Saturday, 20 November 2010

Elizabeth Gaskell, Wife, Mother and Writer

It is no wonder that so many women have taken up writing over the centuries. It is the perfect form of work for them, you can write anywhere, at home surrounded by your hopefully increasingly dusty house, in cafes and even watching television with your children. You don't even have to write as such, you can just sit there and think about your work everywhere you go.
Heathwaite, where Elizabeth came to live with her aunt when she was a year old

I was in Knutsford at the weekend. One of the gems of Chesire and immortalised by television as being the original model for Cranford though of course the filming was elsewhere. Parts of  Knutsford have changed since Mrs Gaskell wrote about it but the two main streets, King Street and above it Princess Street remain much the same, I think and many of the buildings which she knew are still intact.
She was born Elizabeth Cleghorn Stevenson in 1810 in Chelsea but her mother died shortly afterwards and she went to live with her aunt, Hannah Lumb in Heathwaite, the lovely house which overlooks the heath. It may seem cruel to us now that her father sent her off to live in Chesire when she was a year old. He married again and had other children and it could be several years before Elizabeth saw him.
Dr Holland's house

She went to school in Warwickshire but it was in Chesire that she met William Gaskell who was junior minister of Cross Street Chapel in Manchester. They were married at the parish church in Knutsford and after their marriage they lived in Manchester but Elizabeth was often at Knutsford, she was very fond of her aunt and referred to her as 'my more than mother'.

Elizabeth was a Unitarian and she and her husband taught in Manchester. Her family did great charity work during the cotton famine caused by the American Civil War. Unitarianism, the religion of Elizabeth's family, was way ahead of its time, teaching tolerance towards all people no matter what their religion.  Her husband, who had his own literary career, taught the poor and held welfare committees, and many of their friends were social reformers and religious dissenters.
They had several children but Elizabeth only started to write, encouraged by her husband, after the death of her baby son.
She wrote Mary Barton which was about the poor and disadvantaged in Manchester. It was regarded as subversive by many because people assumed that the hardships the poor endured were their own fault due to their thriftlessness and vice, a view which some people still believe today. ( Ecclesiastes: There is nothing new under the sun. )
Worse was to follow.  Elizabeth wrote Ruth, a novel about an unmarried mother. I think what I like most about Gaskell's work is that she takes on subjects which other people were afraid to write of. It was said that even some of William's congregation burned the book. She was indeed a very brave woman.
The building on Princess Street supposed to have been used as Miss Matty's house in the stories.

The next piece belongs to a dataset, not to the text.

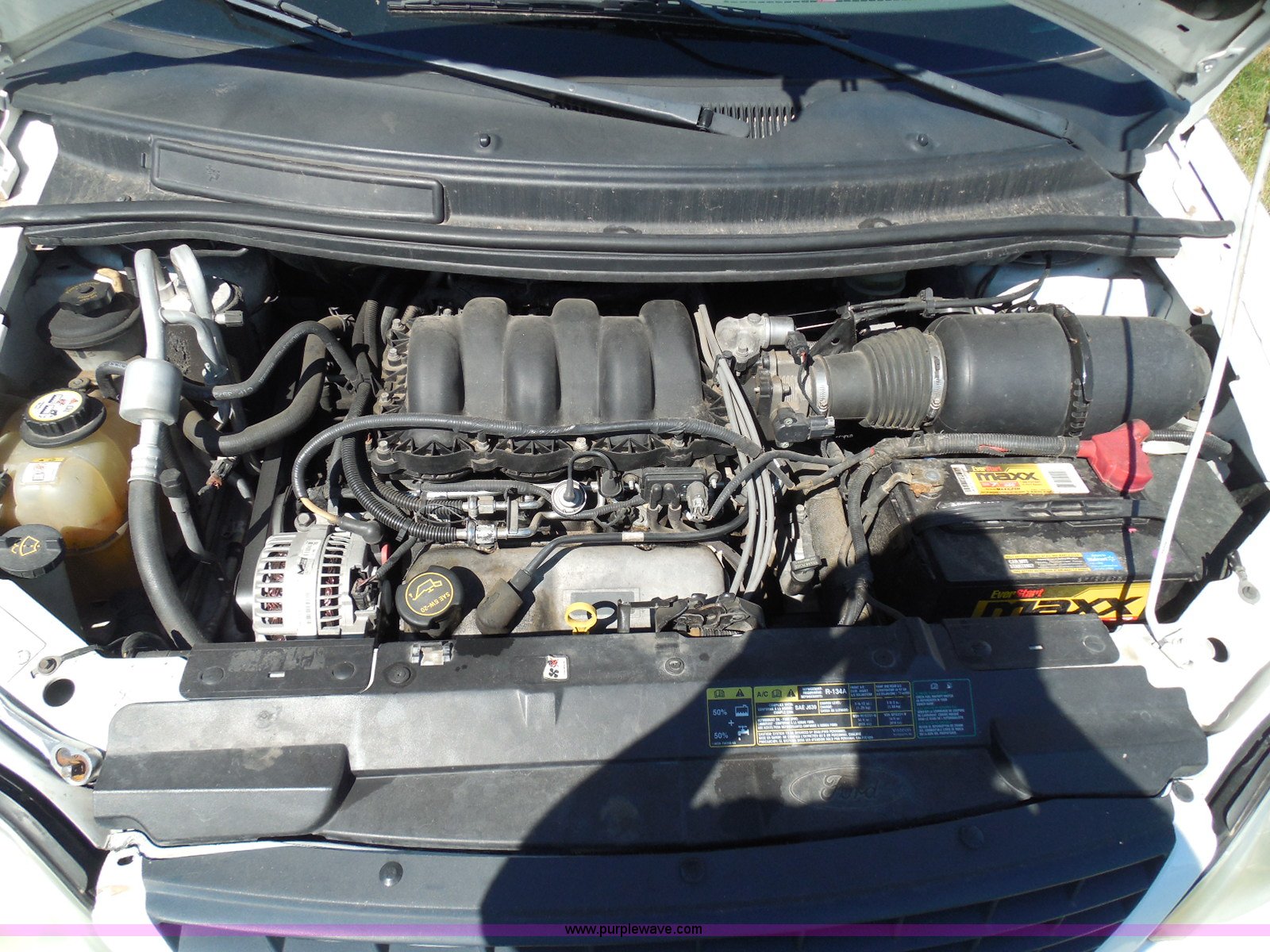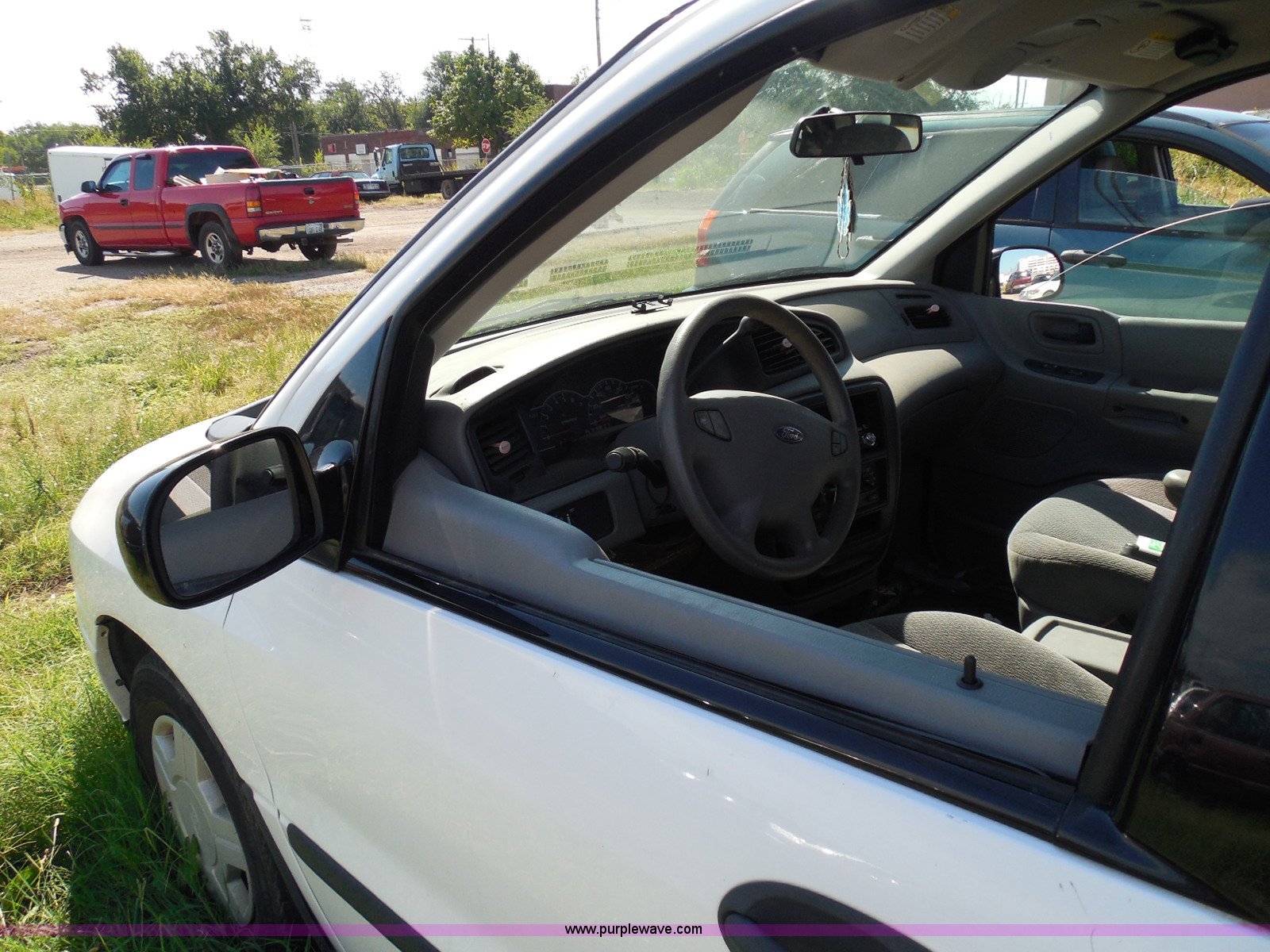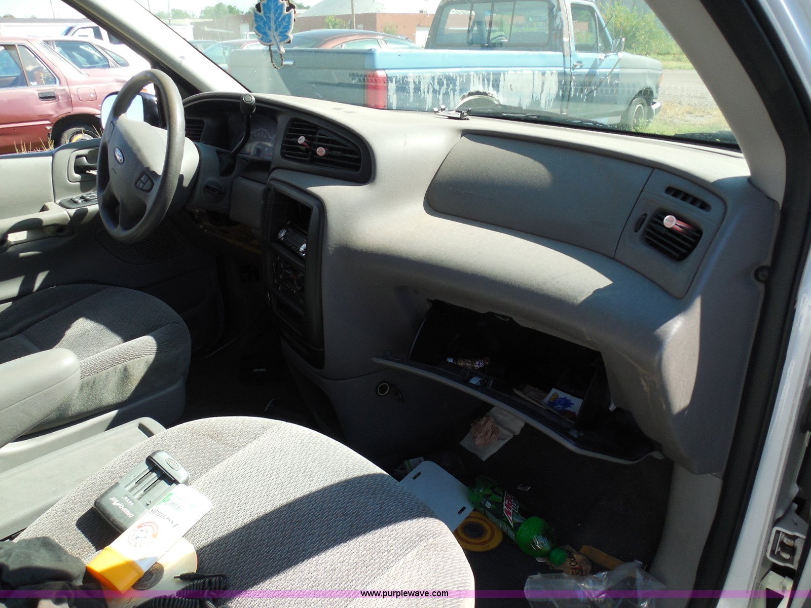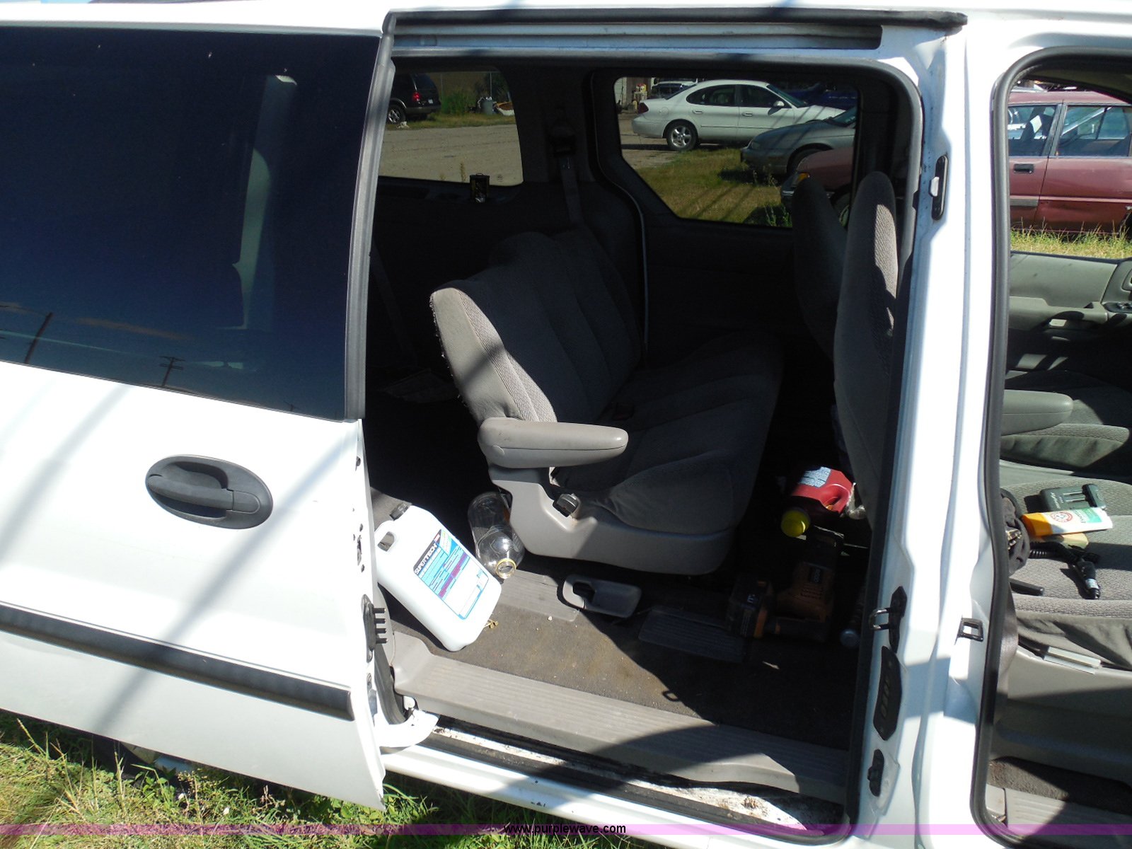 Purple Wave is selling a used Wrecked and Abandoned in Kansas. This item is a 2003 Ford Windstar LX van with the following: Unknown miles on odometer, 3.8L V6 OHV 12V gas engine, Automatic transmission, Phase Linear AM/FM/CD, Power windows, locks, and mirrors, Cloth interior, Keys, Rear climate control, Dual sliding side doors, Luggage rack, 215/70R15 tires, Interior/exterior cosmetic damage, Front windows rolled down, Interior exposed to weather, Rear seat missing, Interior panel under steering wheel missing, Hail damage, Clear coat peeling, Front bumper damage, Rust, Case# 14C45103
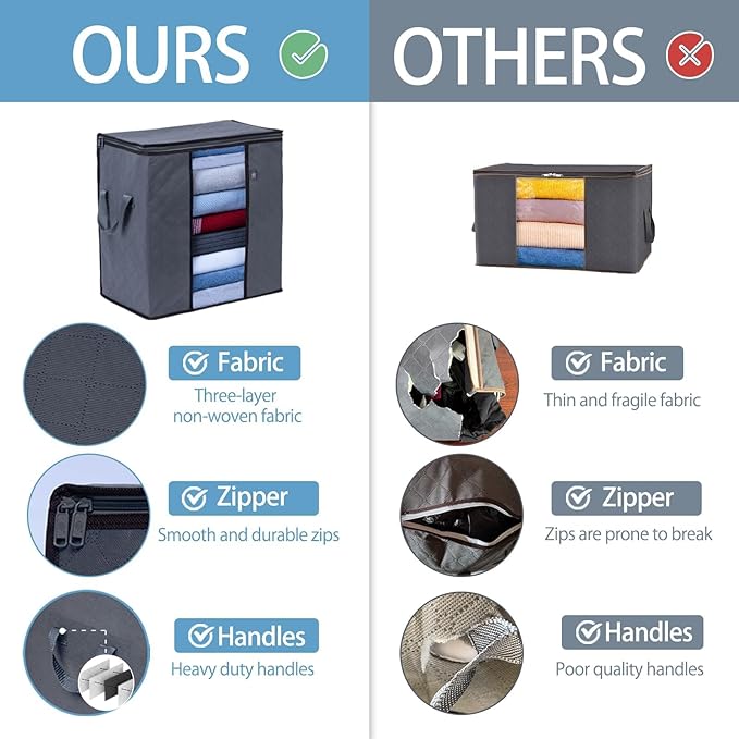 - REINFORCED HANDLES: Thick, strong, reinforced handles are designed for convenient access and portability without breaking or tearing. Handles are sewn with 6 layers of quality, sturdy fabric to double the load capacity. Cross-stitched seams are added for maximum strength and security.

Brook Street chapel in Knutsford where Elizabeth, her husband, William and two of their daughters are buried.

Typical Knutsford, beautiful old houses

Her best known work of course is Cranford but I prefer North and South where Margaret Hale comes north with her family and discovers what the world is like which centres around a cotton mill.
 Women are so important in her novels. Interestingly too she was fond of using dialect. If you can make dialect comprehensible to people from other places I think it can stamp your stories as products of where they came from but enable everyone to enjoy them.
Mrs Gaskell is also known for the biography which she wrote of Charlotte Bronte. Apparently she visited the house in Manchester three times and once hid behind the living room curtains because she was shy with visitors.  Mrs Gaskell wrote ghost stories. Charles Dickens helped her with these and published her work in his magazine, Household Words.
I was pleased too to note that Elizabeth Gaskell spent time in Newcastle upon Tyne with Rev. William Turner's family and in Edinburgh. Born in London she may have been but I like to claim her as a real northern writer and true northern woman.